The abnormal modification of histone is an important factor restricting development of porcine cloned embryos. Overexpression of histone H3K9me3 demethylase KDM4 family can effectively improve the developmental efficiency of cloned embryos. In order to explore the effects of overexpression of H3K9me3 demethylase on the development of porcine cloned embryos, KDM4A mRNA and KDM4D mRNA were injected respectively into porcine cloned embryos at the 1-cell stage and 2-cell stage to detect the blastocyst rate; 2-cell stage cloned embryos injected with KDM4A mRNA and embryo injection water (the control group) at the 1-cell stage were collected to detect the expression level of H3K9me3, and 4-cell stage cloned embryos were collected for single cell transcriptome sequencing, then the sequencing data was analyzed with KEGG and GO. The results showed that the blastocyst rate of porcine cloned embryos injected with KDM4A mRNA at 1-cell stage was significantly higher than that of the control group (25.32 ± 0.74% vs 14.78 ± 0.87%), while cloned embryos injected with KDM4D mRNA had a similar blastocyst rate with cloned embryos in control group (16.27 ± 0.77% vs 14.78 ± 0.87%). Porcine cloned embryos injected with KDM4A mRNA and KDM4D mRNA at 2-cell stage had a similar blastocyst rate with cloned embryos in control group (32.18 ± 1.67%, 30.04 ± 0.91% vs 31.22 ± 1.40%). The expression level of H3K9me3 in cloned embryos injected with KDM4A mRNA at 1-cell stage was lower than that in control group. There were 133 differentially expressed genes detected by transcriptome sequencing, including 52 up-regulated genes and 81 down-regulated genes. Pathways enriched by GO analyses were mainly related to protein localization. Pathways enriched by KEGG analyses were related to cellular senescence and acute myeloid leukemia. These results suggest that overexpression of histone H3K9me3 demethylase KDM4A can significantly improve the developmental efficiency of porcine cloned embryos.

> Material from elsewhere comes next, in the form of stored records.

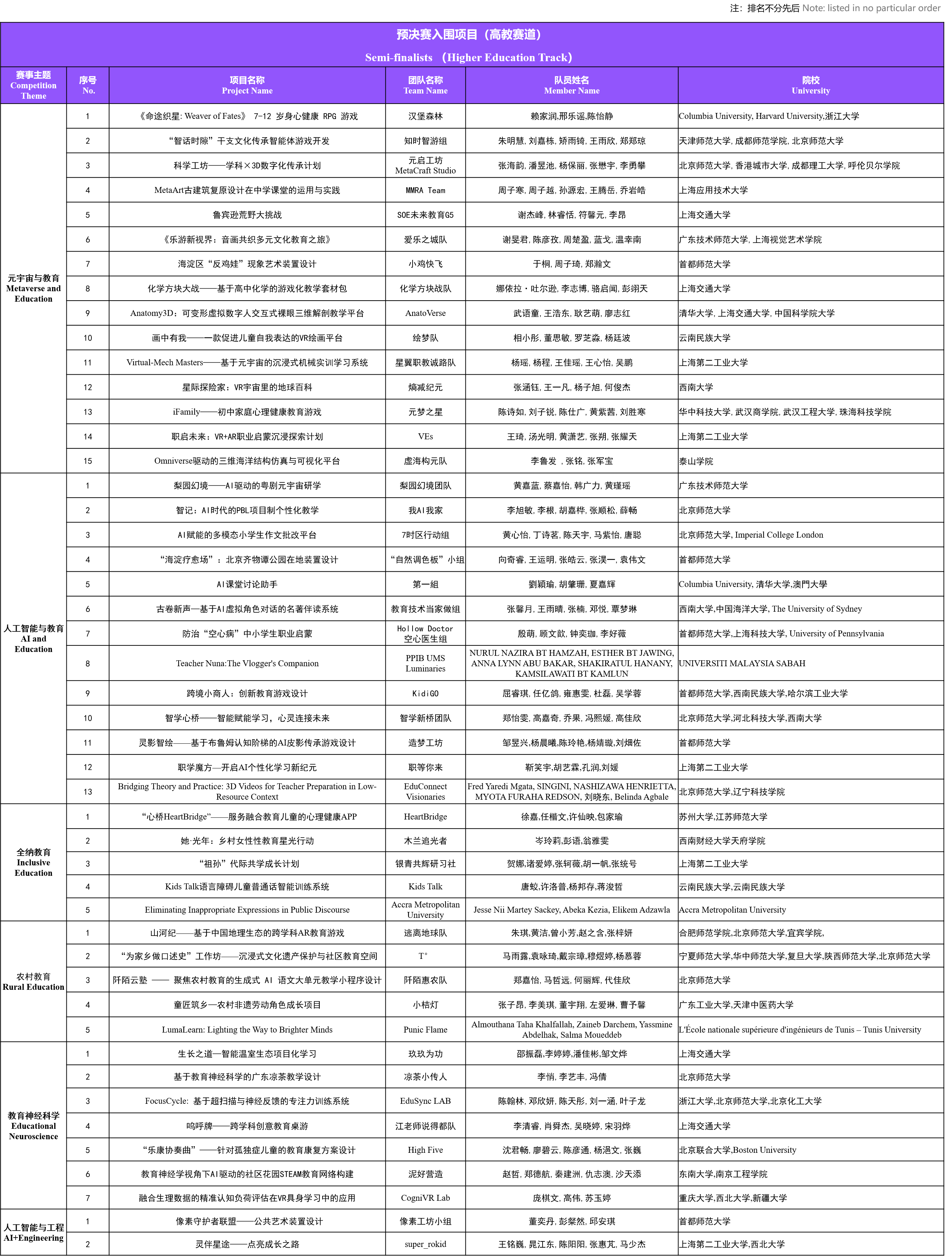 在高教赛道初赛阶段,各参赛团队紧扣赛事主题展开探索。作品聚焦于教育公平、个性化学习、文化传承、心理健康等关键议题,积极探索人工智能大模型、区块链、虚拟现实等前沿技术在教育中的应用。项目内容包含利用AI赋能特殊群体教育公平的解决方案,运用VR/AR打造沉浸式学习场景,基于神经科学与大数据开发专注力训练、认知负荷评估等智能工具,构建农村可持续教育生态网络,借助元宇宙技术活化非遗文化传承等多个领域,体现了技术与教育的深度融合,彰显了青年一代对教育使命的责任担当,为全球教育创新发展提供了丰富视角和可行路径。经过专家评审团的评选,共有47个项目作品成功晋级至预决赛阶段。
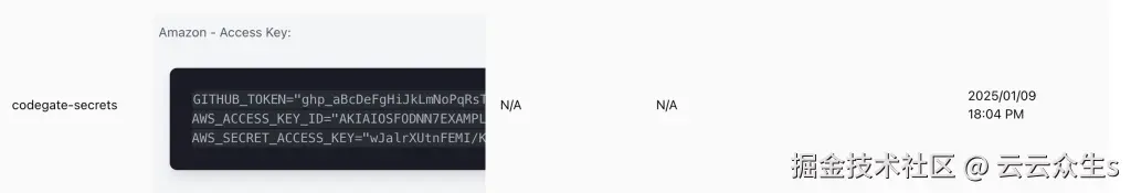首先,CodeGate 检测到其中一个密钥是 AWS_ACCESS_KEY_ID,屏蔽原始值并用加密值代替:
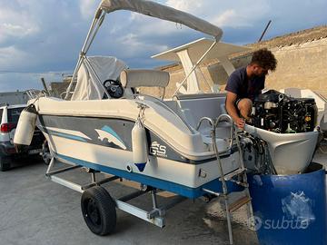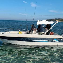 Vendesi open 5,5 metri con motore honda con circa 600 ore tapezzeria e tendalino rifatti 2023, ponpa sentina, presa per canna elettrica, doppia batteria con interruttore, 2 porta canne,
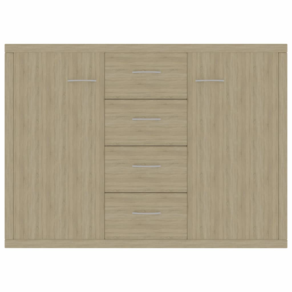 Com 4 gavetas e 2 portas, o aparador oferece um amplo espaço de armazenamento para livros, aparelhos multimédia e outros itens. O tampo da mesa é ideal para exibir objetos decorativos, molduras ou vasos com plantas. Também pode ser usado como armário baixo, armário lateral, etc. Graças ao material de elevada qualidade, este aparador foi construído para durar.
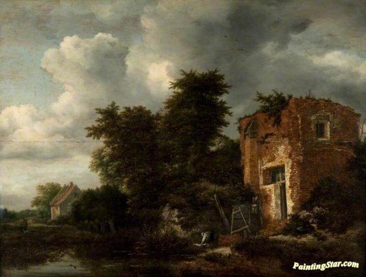 Landscape with a Ruined Tower, Art Painting by Jacob van Ruisdael
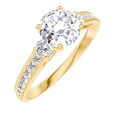 Anillo Oro amarillo 9 quilates - Diamante de laboratorio redondo 0.7 quilates - Piedras laterales Diamante de laboratorio - Engastado Diamante de laboratorio

组蛋白异常修饰是克隆胚胎发育的重要制约因素,组蛋白H3K9me3去甲基化酶KDM4家族的过表达可以有效提高克隆胚胎的发育效率。为探究过表达H3K9me3去甲基化酶对猪克隆胚胎发育的影响,本研究在猪克隆胚胎1-细胞期和2-细胞期分别注射KDM4A mRNA和KDM4D mRNA检测胚胎的囊胚率;收集1-细胞期注射KDM4A mRNA和胚胎注射水(对照组)的2-细胞期克隆胚胎检测H3K9me3表达水平;此外,收集1-细胞期注射KDM4A mRNA和胚胎注射水的4-细胞期克隆胚胎进行单细胞转录组测序,并对测序数据进行GO与KEGG富集分析。结果显示:在1-细胞期注射KDM4A mRNA 的猪克隆胚胎囊胚率显著高于对照组(25.32 ± 0.74% vs 14.78 ± 0.87%),注射KDM4D mRNA对猪克隆胚胎囊胚率无明显作用(16.27 ± 0.77% vs 14.78 ± 0.87%);在2-细胞期注射KDM4A mRNA和KDM4D mRNA的克隆胚胎囊胚率与对照组相比均无显著差异(32.18 ± 1.67%、30.04 ± 0.91% vs 31.22 ± 1.40%)。在1-细胞期注射KDM4A mRNA的克隆胚胎组蛋白H3K9me3表达水平低于对照组。通过测序,筛选出133个差异表达基因,其中上调基因52个、下调基因81个,GO分析主要富集到与蛋白质定位相关的通路,KEGG分析富集到细胞衰老和急性髓细胞白血病等相关通路。本研究结果表明,过表达组蛋白H3K9me3去甲基化酶KDM4A可以显著提高猪克隆胚胎的发育效率。.
Keywords: H3K9me3; KDM4A; KDM4D; cloning embryo; pig.